- Exercise goal:
Pictures are to be left out, and the rest of the records reproduced exactly.

[Data extracted from a collection]
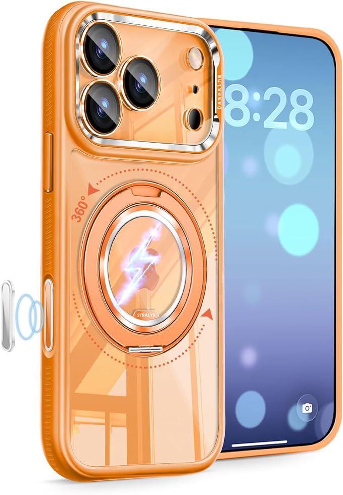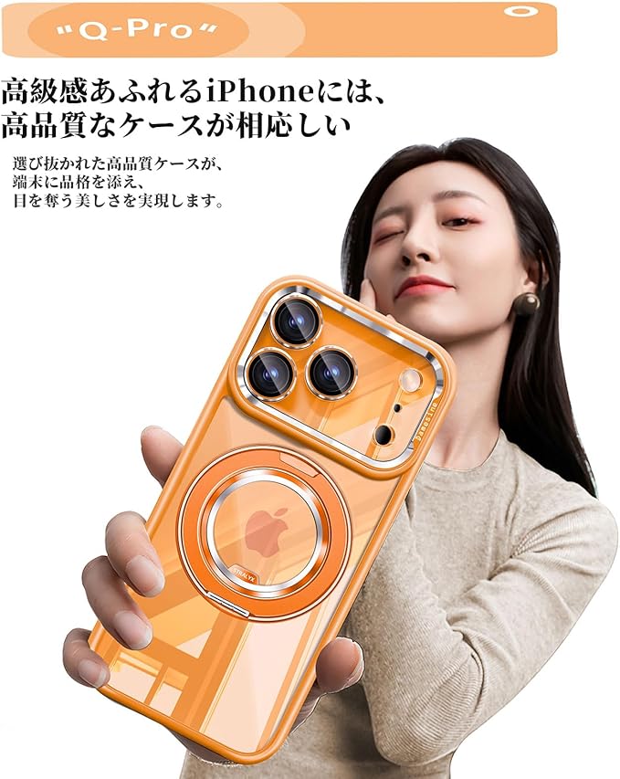 iPhone 17 ProMax用ケースMagsafe対応 360度回転リングスタンド付き 薄型 クリアアクリル シリコン耐衝撃 滑り止め カメラコントロールボタン オシャレな着脱カメラカバー かわいいアイフォン17プロマックスケース オレンジ | KAZESHOP
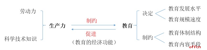 教育作为一种社会现象,与其他社会系统之间产生各种关联。一方面,教育受社会发展的制约,另一方面教育又对其他社会系统产生一定的影响或作用。前一个方面涉及的就是教育的社会基础、背景,后者就是教育的社会功能。这里我们主要介绍常考的三个关系:教育与政治、教育与生产力、教育与文化。
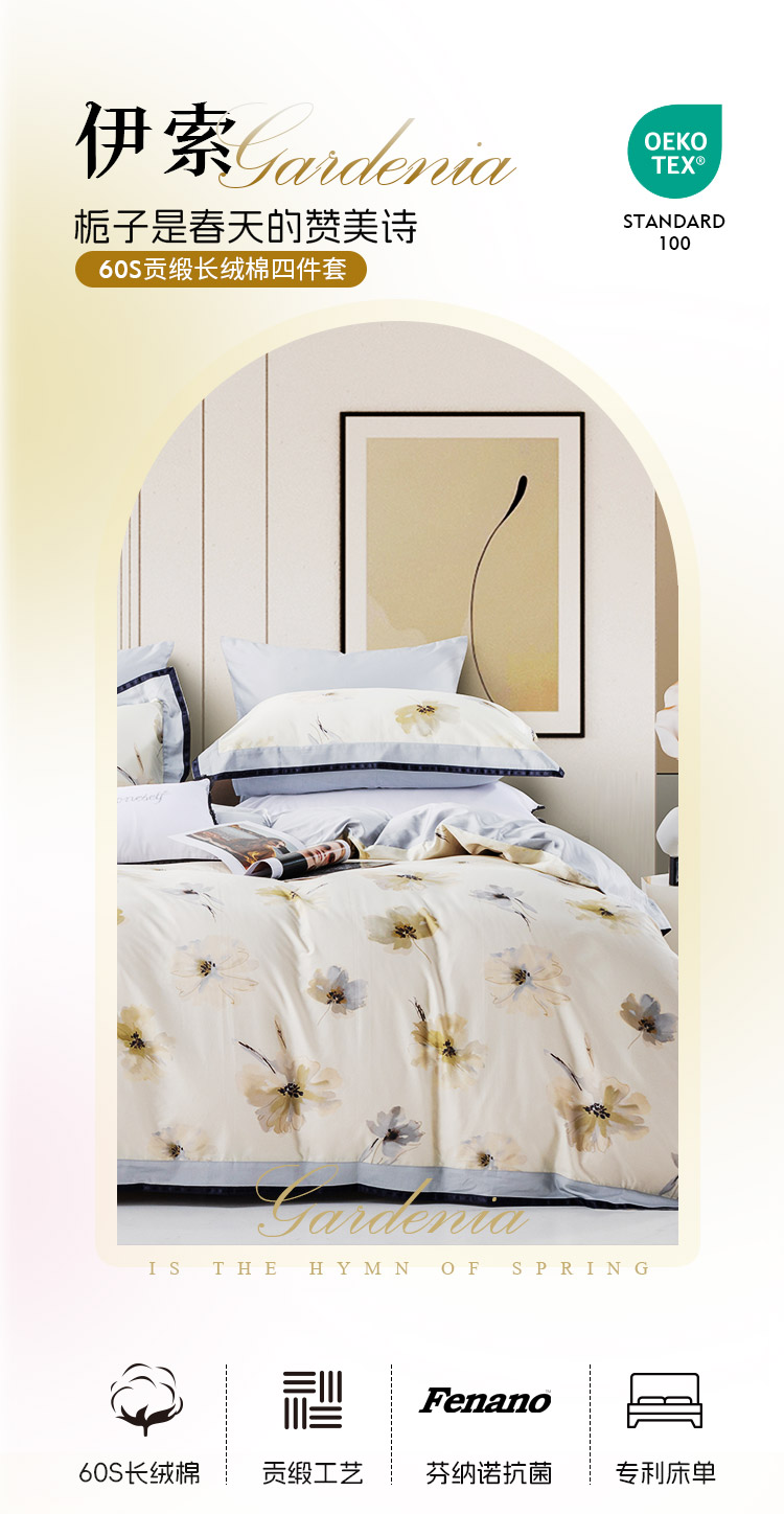 多喜爱 60S贡缎长绒棉法式轻奢四件套 瑰夏/依索hlcs
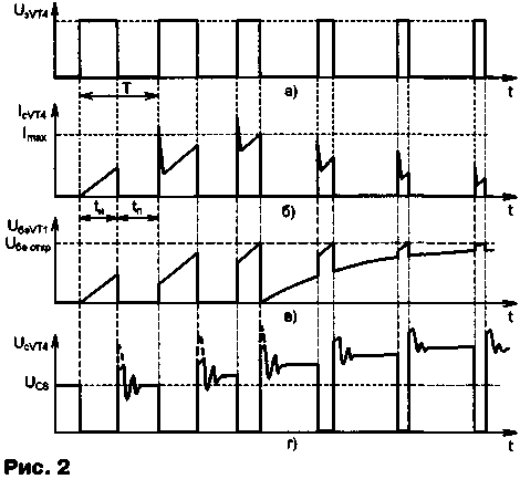 На транзисторах VT2, VT3 выполнен мощный усилитель тока, обеспечивающий форсированное переключение коммутирующего транзистора VT4. Диаграммы напряжения на основных элементах источника питания во время его запуска показаны на рис. 2. Когда транзистор VT4 открыт, ток, протекающий через него и обмотку I трансформатора Т1, линейно нарастает (рис. 2,6). Импульсное напряжение с датчика тока R11 через резистор R7 подается на базу транзистора VT1. Чтобы исключить ложное открывание транзистора, выбросы тока сглаживает конденсатор С12. Первые после запуска несколько периодов мгновенное напряжение на базе транзистора VT1 остается меньше напряжения открывания U6э откр * 0,7 В (рис. 2, в). Как только мгновенное напряжение во время очередного периода достигнет порога 0,7 В, транзистор VT1 откроется, что, в свою очередь, приведет к закрыванию коммутирующего транзистора VT4. Таким образом, ток в обмотке I, а значит, и в нагрузке не может превышать некоторого значения, заранее определенного сопротивлением резистора R11. Этим обеспечивается защита источника питания от перегрузки по току. Фазировка обмоток трансформатора Т1 установлена такой, что во время открытого состояния транзистора VT4 диоды VD7 и VD9 закрыты обратным напряжением. Когда коммутирующий транзистор закроется, напряжение на всех обмотках меняет знак и увеличивается до тех пор, пока эти диоды не откроются. Тогда энергия, накопленная во время импульса в магнитном поле трансформатора Т1, направляется на зарядку конденсаторов выходного фильтра С15—С17 и конденсатора С9. Заметим, что, поскольку фазировка обмоток II и III совпадает, напряжение на конденсаторе С9 в режиме стабилизации выходного напряжения также стабилизировано независимо от значения входного напряжения источника питания. Регулирующий элемент источника питания — микросхема DA2 КР142ЕН19А. Когда напряжение на управляющем выводе 1 микросхемы достигнет 2,5 В, через нее и через излучающий диод оптрона начинает протекать ток, увеличивающийся с ростом выходного напряжения. Фототранзистор оптрона открывается, и ток, протекающий через резисторы R5, R7 и R11, создает на них падение напряжения, также увеличивающееся с ростом выходного напряжения. Мгновенное напряжение на базе транзистора VT1, равное сумме падения напряжения на резисторе R7 и датчике тока R11, не может превышать 0,7 В. Поэтому при увеличении тока фототранзистора оптрона увеличивается постоянное напряжение на резисторе R7 и уменьшается амплитуда импульсной составляющей на резисторе R11, что, в свою очередь, происходит только из-за уменьшения длительности открытого состояния коммутирующего транзистора VT4. Если же длительность импульса уменьшается, то сокращается и "порция" энергии, перекачиваемая каждый период трансформатором Т1 в нагрузку.
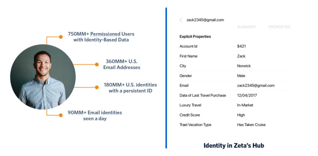 By using the Zeta Marketing Platform, you can map your customers to our permission-based Data Cloud, allowing you to activate higher-value engagements in real-time. For example, what would you do if you could provide individualized value to millions of “Zacks”?

- Result of the task:
 iPhone 17 ProMax用ケースMagsafe対応 360度回転リングスタンド付き 薄型 クリアアクリル シリコン耐衝撃 滑り止め カメラコントロールボタン オシャレな着脱カメラカバー かわいいアイフォン17プロマックスケース オレンジ | KAZESHOP
 教育作为一种社会现象,与其他社会系统之间产生各种关联。一方面,教育受社会发展的制约,另一方面教育又对其他社会系统产生一定的影响或作用。前一个方面涉及的就是教育的社会基础、背景,后者就是教育的社会功能。这里我们主要介绍常考的三个关系:教育与政治、教育与生产力、教育与文化。
 多喜爱 60S贡缎长绒棉法式轻奢四件套 瑰夏/依索hlcs
 На транзисторах VT2, VT3 выполнен мощный усилитель тока, обеспечивающий форсированное переключение коммутирующего транзистора VT4. Диаграммы напряжения на основных элементах источника питания во время его запуска показаны на рис. 2. Когда транзистор VT4 открыт, ток, протекающий через него и обмотку I трансформатора Т1, линейно нарастает (рис. 2,6). Импульсное напряжение с датчика тока R11 через резистор R7 подается на базу транзистора VT1. Чтобы исключить ложное открывание транзистора, выбросы тока сглаживает конденсатор С12. Первые после запуска несколько периодов мгновенное напряжение на базе транзистора VT1 остается меньше напряжения открывания U6э откр * 0,7 В (рис. 2, в). Как только мгновенное напряжение во время очередного периода достигнет порога 0,7 В, транзистор VT1 откроется, что, в свою очередь, приведет к закрыванию коммутирующего транзистора VT4. Таким образом, ток в обмотке I, а значит, и в нагрузке не может превышать некоторого значения, заранее определенного сопротивлением резистора R11. Этим обеспечивается защита источника питания от перегрузки по току. Фазировка обмоток трансформатора Т1 установлена такой, что во время открытого состояния транзистора VT4 диоды VD7 и VD9 закрыты обратным напряжением. Когда коммутирующий транзистор закроется, напряжение на всех обмотках меняет знак и увеличивается до тех пор, пока эти диоды не откроются. Тогда энергия, накопленная во время импульса в магнитном поле трансформатора Т1, направляется на зарядку конденсаторов выходного фильтра С15—С17 и конденсатора С9. Заметим, что, поскольку фазировка обмоток II и III совпадает, напряжение на конденсаторе С9 в режиме стабилизации выходного напряжения также стабилизировано независимо от значения входного напряжения источника питания. Регулирующий элемент источника питания — микросхема DA2 КР142ЕН19А. Когда напряжение на управляющем выводе 1 микросхемы достигнет 2,5 В, через нее и через излучающий диод оптрона начинает протекать ток, увеличивающийся с ростом выходного напряжения. Фототранзистор оптрона открывается, и ток, протекающий через резисторы R5, R7 и R11, создает на них падение напряжения, также увеличивающееся с ростом выходного напряжения. Мгновенное напряжение на базе транзистора VT1, равное сумме падения напряжения на резисторе R7 и датчике тока R11, не может превышать 0,7 В. Поэтому при увеличении тока фототранзистора оптрона увеличивается постоянное напряжение на резисторе R7 и уменьшается амплитуда импульсной составляющей на резисторе R11, что, в свою очередь, происходит только из-за уменьшения длительности открытого состояния коммутирующего транзистора VT4. Если же длительность импульса уменьшается, то сокращается и "порция" энергии, перекачиваемая каждый период трансформатором Т1 в нагрузку.
 By using the Zeta Marketing Platform, you can map your customers to our permission-based Data Cloud, allowing you to activate higher-value engagements in real-time. For example, what would you do if you could provide individualized value to millions of “Zacks”?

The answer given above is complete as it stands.